I get a really odd response when I recommend that Facebook receive a sizable chunk of a marketing budget.

“Not everyone’s on Facebook, though.”

I’ve never heard a client declare, “Not everyone gets the newspaper, though.”

I’ve never heard an auctioneer say, “But not everybody opens their mail.”

The irony in my clients’ rebuttals is that Facebook is the most dominant channel in any medium in our country. As of August of 2015, 62% of the adult population and 72% of adults in the country who use the Internet are on Facebook.1 Two thirds of those Facebook users visit the site every day.2

By contrast, the most watched show on TV last year (Sunday Night Football) garnered 6.6% of the nation’s population.3 That’s 10% of Facebook’s daily reach, and it’s available only 17 nights a year.

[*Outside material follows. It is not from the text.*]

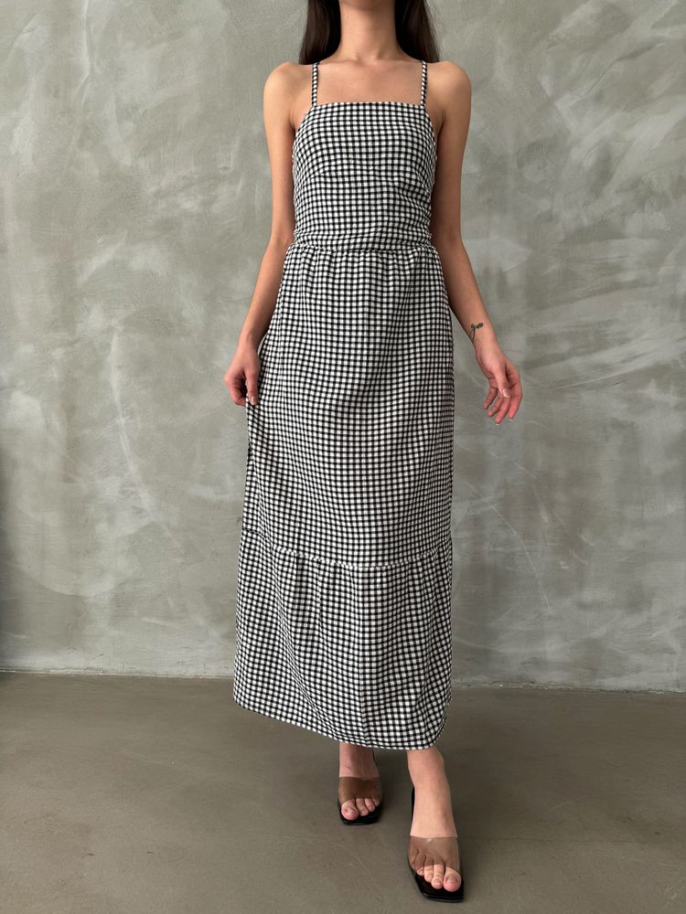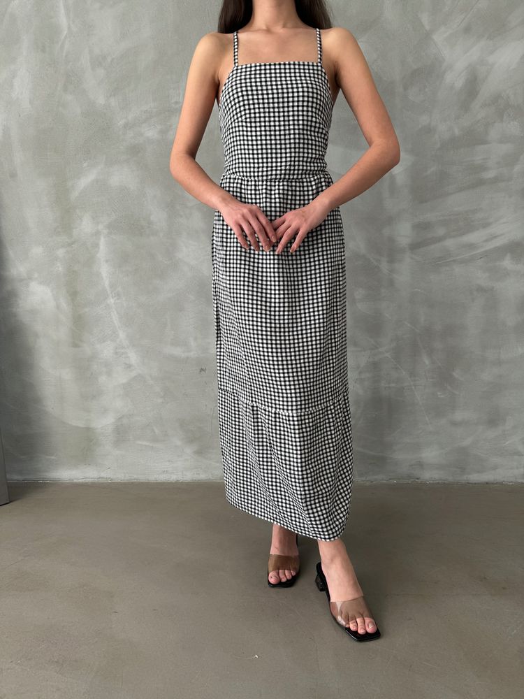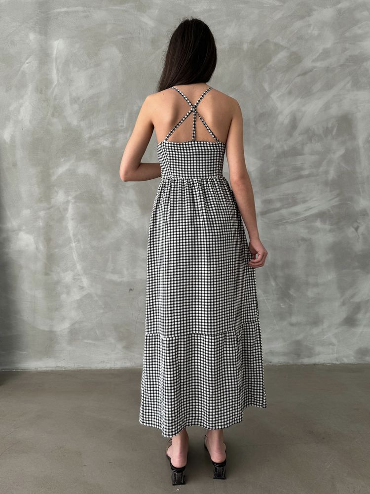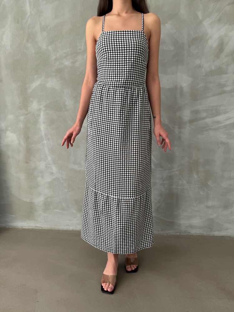 Topshow Siyah Askılı Bileğe Kadar Toptan Elbise

Plus, advertising to that small fraction of people would cost you just short of a firstborn child.

“But older folks aren’t on Facebook.”

64% of Internet users ages 55 to 64 use Facebook.1 Only 44% of Americans ages 55-64 read a newspaper.4 It’s safe to assume the percentage of adults who look through the classifieds of those newspapers would be significantly smaller still.

Not only is the quantity of newspaper subscribers shrinking (7% for daily papers and 4% for Sunday papers—last year alone), so is the quantity of newspapers themselves. A net of 118 U.S. newspapers closed their doors between 2004 and 2014.5 Multiple times in the past couple years, I’ve had to email a client to let them know that a newspaper they requested is no longer in print.

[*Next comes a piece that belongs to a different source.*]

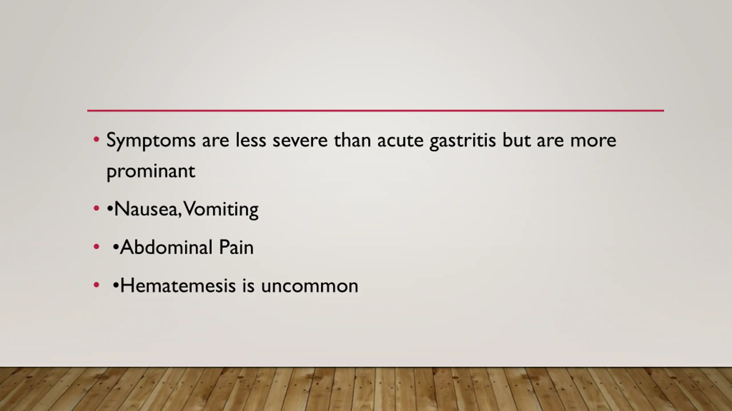 Symptoms are less severe than acute gastritis but are more prominant Nausea, Vomiting Abdominal Pain Hematemesis is uncommon

In contrast, the number of mailboxes in America isn’t shrinking; and neither is Facebook’s user base.

“Well, professionals and investors [rich people] aren’t on Facebook.”

2015 Facebook Users78% of on Internet users with household incomes above $75,000 are on Facebook.1 That happens to be the highest percentage of any income bracket.

Facebook will let you filter audiences by income, by net worth, by liquid assets, and by number of lines of credit. I regularly target lists of millionaires and multimillionaires on Facebook and get tons of traffic to my clients’ websites—for both commercial and luxury residential properties.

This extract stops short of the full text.